当前位置：网站首页>Image semantic segmentation practice: tensorflow deeplobv3+ train your own dataset

Image semantic segmentation practice: tensorflow deeplobv3+ train your own dataset

2022-07-28 16:15:00 【Xiao Wang who sells newspapers】

List of articles

Preface
One 、 Environment configuration
Two 、 Training process
3、 ... and 、 test
summary

Preface

This article is to record deeplabv3+ Training process .

One 、 Environment configuration

My environment ：

ubuntu 16.04
anaconda3
python 3.5
tensorflow-gpu 1.10.0

anaconda3 The installation of can be checked online .

Two 、 Training process

1. Import and stock in

First clone Official tensorflow/models file .

git clone https://github.com/tensorflow/models.git

If the download speed is slow , You can download it on the code cloud .

2. Data set preparation

Convert to VOC Data set in format

Annotation data , Make a satisfactory mask Images . Use the corresponding json file , Convert data to voc Format , It is convenient for further conversion into deeplab Gray image format required for training .

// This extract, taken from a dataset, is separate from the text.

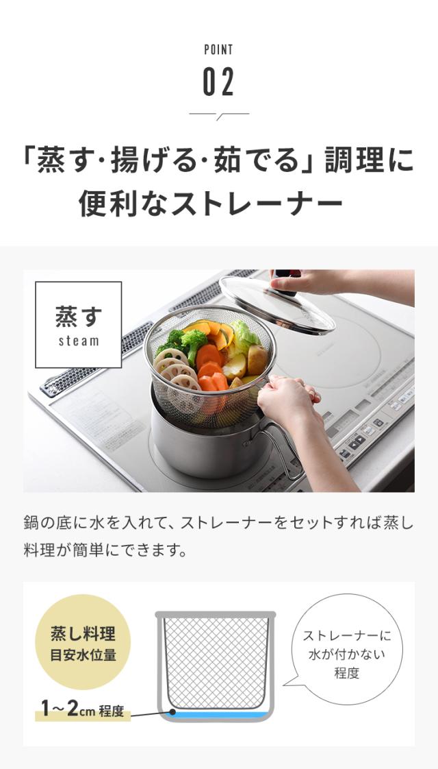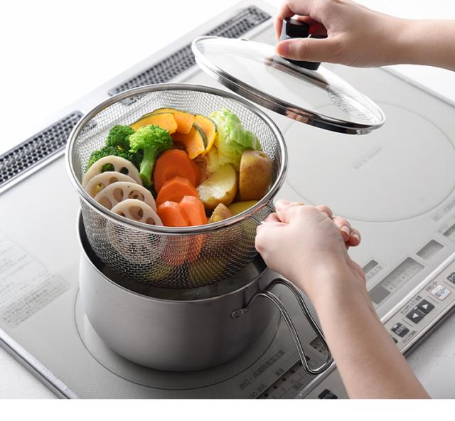 ■ストレーナーが付いて、「蒸す・揚げる・茹でる」調理が便利に!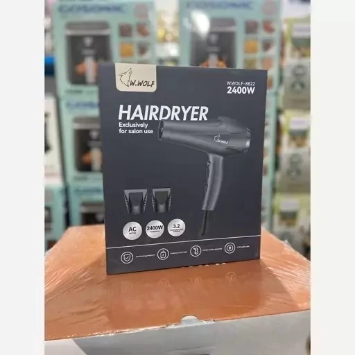 سشوار ولف w.wolf نیمه حرفه ای پرقدرت 2400 وات موتور AC دارای سری متمرکزکننده کیفیت عالی کد ۷۹۱۳

take labelme Download the project locally ：

git clone https://github.com/wkentaro/labelme.git

Find the table of contents /labelme/examples/semantic_segmentation, There is a complete example of conversion , Against the example , Put your own data （ Original picture and corresponding json mark ） Put in data_annotated Folder , Make your own labels.txt, Copy labelme2voc.py The document does not need to be changed , as follows ：
Insert picture description here
Open the terminal in the current directory and execute the following command ：

python labelme2voc.py data_annotated data_dataset_voc --labels labels.txt

Will generate data_dataset_voc Folder , It contains ：
Insert picture description here
JPEGImages In the folder are the original pictures .
SegmentationClassPNG Folder is generated label picture .

Convert to grayscale

deeplab Use the annotation diagram of single channel , That's grayscale , And the pixel mark of the category should be 0,1,2,3…n（ total n+1 Categories , contain 1 Background classes and n A target class ）. perform remove_gt_colormap.py take mask Convert to the required format , Modify the path as needed .

# from models/research/deeplab/datasets
python remove_gt_colormap.py \
  --original_gt_folder="/media/dell/2T/test/testlabel" \
  --output_dir="/media/dell/2T/test/mask"

original_gt_folder： Original tag map folder .
output_dir： Location of the label map folder to be output .

Convert to tfrecord

Make tfrecord Before , The data set needs to be classified into training / test / Verification set .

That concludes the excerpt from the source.